So I think a more useful thing to do than my current effort will be to create a typed version of TLA+, using my type system. I think it is possible to create a full general purpose programming language that contains TLA+ (approximately) as a part.

I plan to match the syntax very closely, within the limitation that my syntax system can't do backtracking.

Don't hold your breath. I'm guessing it will take years. If anyone wants to help please leave a comment. Left to my own devices I will plan to use: my syntax system; python; copy the TLAPS method of talking to backend solvers (however when there is a proof I eventually want to bring it into the language as wombat2-style code). I'm open to alternative plans (that don't mention java).

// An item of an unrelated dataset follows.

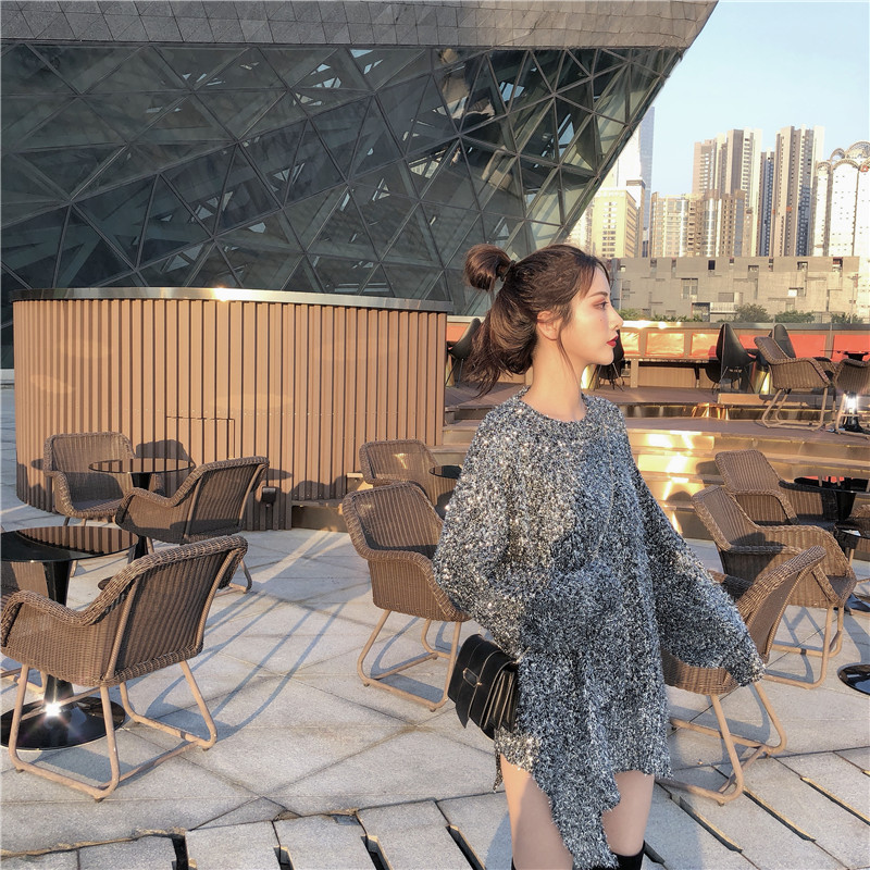 / 復古氣質中長款上衣女慵懶風時尚百搭chic秋季不規則寬松閃閃毛衣

Firstly I need to get into actually using TLA+ for a while.

Saturday, April 27, 2024

TLA+ to Wombat2 correspondence

I looked at TLA+ a decade or so ago and didn't grok it. I looked at the wrong sort of documentation. This time I looked at Lamport's "science" technical document: https://lamport.azurewebsites.net/tla/science.pdf. Surprisingly TLA+ has a lot of similarities to Wombat2. Here is the approximate correspondence.

1. TLA+ Sets correspond to Types

In Wombat2 there is a lattice hierarchy of types that make them behave quite like sets. In TLA+ there are no types, but the way he uses sets, such as the set of Integers, corresponds closely to wombat2 types.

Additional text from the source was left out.